# Lightning Strikes!!!



## Rook (Oct 25, 2007)

Twice in one night. To some of you "old timers" this may have been just another night but it is one that will be hard to beat in my book. 

We decided to try a new area out Sat night and was in the water at about 7ish. We were graciously met with a pretty stout ESE wind which would end up working in our favor a little. It had most of the areas I was interested in looking at blown out but there was plenty of real estate where we could get out of the wind. 

First spot we picked up 3 in short order before the water got murky. Hit up spot two and poled for a while and picked up 5 more. The average was pretty good as most of the fish were 16"-20". When we headed to spot three things slowed down quite a bit with me missing two decent fish for one reason or another, and having a good hour where all we spotted were itty bittys. 

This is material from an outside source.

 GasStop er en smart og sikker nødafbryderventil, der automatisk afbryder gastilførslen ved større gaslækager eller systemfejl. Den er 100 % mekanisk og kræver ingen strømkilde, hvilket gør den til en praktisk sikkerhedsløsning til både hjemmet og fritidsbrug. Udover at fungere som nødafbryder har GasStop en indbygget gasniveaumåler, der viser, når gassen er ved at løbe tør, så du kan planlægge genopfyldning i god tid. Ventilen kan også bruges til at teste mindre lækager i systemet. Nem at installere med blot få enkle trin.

But boy how things can turn around in an instant. We pulled up to spot four to find plenty of protected clear water. Just one of those places where you look around and you say, "If I were a big ol flattie this is where I would be." We didnt have to go far before we picked up a good 20"er, and I missed another swimming. (I forgave myself for that one as he was hauling arse!) As we were easing along the bank I hear a shout come from my partner and before I can turn to look he hammers down on a fish. With what little glimpse I got of him before he was lost in the murk he looked to be a fine fish. In all the excitment Mitch didnt see the another good fish just another five feet ahead. So I graciously stuck him while he tried to wrestle his in the boat. When that fish came over into the boat we both liked to wet ourselves. I didnt have anything to measure and/or weigh the fish on board but we were guessing in the 9-9.5lbs range. 

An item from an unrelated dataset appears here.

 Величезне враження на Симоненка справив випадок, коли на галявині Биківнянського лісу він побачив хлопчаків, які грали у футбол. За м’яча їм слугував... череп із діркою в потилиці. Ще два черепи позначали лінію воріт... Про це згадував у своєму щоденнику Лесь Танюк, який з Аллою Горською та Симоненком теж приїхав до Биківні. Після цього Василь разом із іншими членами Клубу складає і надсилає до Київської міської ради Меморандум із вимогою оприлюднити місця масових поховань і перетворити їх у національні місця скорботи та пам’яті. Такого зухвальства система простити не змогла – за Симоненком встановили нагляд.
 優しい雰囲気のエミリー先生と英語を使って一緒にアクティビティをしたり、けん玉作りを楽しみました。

Well after all the high fives and the excitement was over we both returned to the bow to pole on. As we were poling through the same area the big fish was gigged Mitch decided to step down and take a good pic of his trophy. I stayed on the bow and went along poling. After poling not 30 yards I catch a glimps of what looks to be another nice fish, not as big as the other but big none the less. I take aim and hit him right through head/gillplate and nothing. No moving or splashing around, nothing. At this point I start to get nervous as I can not see the bottom and I cant feel the fish on the gig and the more I think back to the picture in my head the bigger in my mind the fish gets. I very carefully pull my gig up only to find nothing on the end. My heart sinks as I look around for a vapor trail in the surrounding clear water and I see nothing. Confused I look back down at the murky water and a tail slowly drifts up to the surface. I gig blindly at the fish and pull him up with no fight. Amazingly I had killed him stone cold dead the first time and only caught him with two prongs. Never-the-less he was in the boat and much to my suprise was just as big as my partners. The celebration at this point went to a whole new level. We had just gigged two stud fish back to back with-in 40 yards from each other. Didnt get a chance to measure or weigh the fish until this morning. They are now what we are calling "The Twins" Mitchells fish was 25 1/2" long and weighed 8lbs 6oz and my fish was 25" long and weighed 8lbs 6oz. Both weighed the EXACT same. WOW, what a night. Ended up with 17 overall.


----------



## hogdogs (Apr 19, 2010)

Had you known about this contest...
http://www.gulfcoastfishingconnecti...nnual-GCFC-Flounder-Contest?p=38441#post38441
and got your written sign in the pic, you would be in the lead with a stainless gig head as your prize...

Brent


----------



## Rook (Oct 25, 2007)

Yeah I read about it earlier, wish I would have known.


----------



## hogdogs (Apr 19, 2010)

And sorry... that would be yer fishin' partner in the lead...:thumbup:
Good fish for sure!
Brent


----------



## bamafan611 (Mar 1, 2010)

Great Fish
Were these Al or Fl fish?
Great night
bamafan611


----------



## F|nz (Sep 16, 2008)

Wow those are impressive...good night there. Iv'e only seen 1 that big in Florida in my last 3 years of the sport (26"er by DeadEyeDave last year) those gotta be Ala. grown?


----------



## Rook (Oct 25, 2007)

10-4 on the Bama fish


----------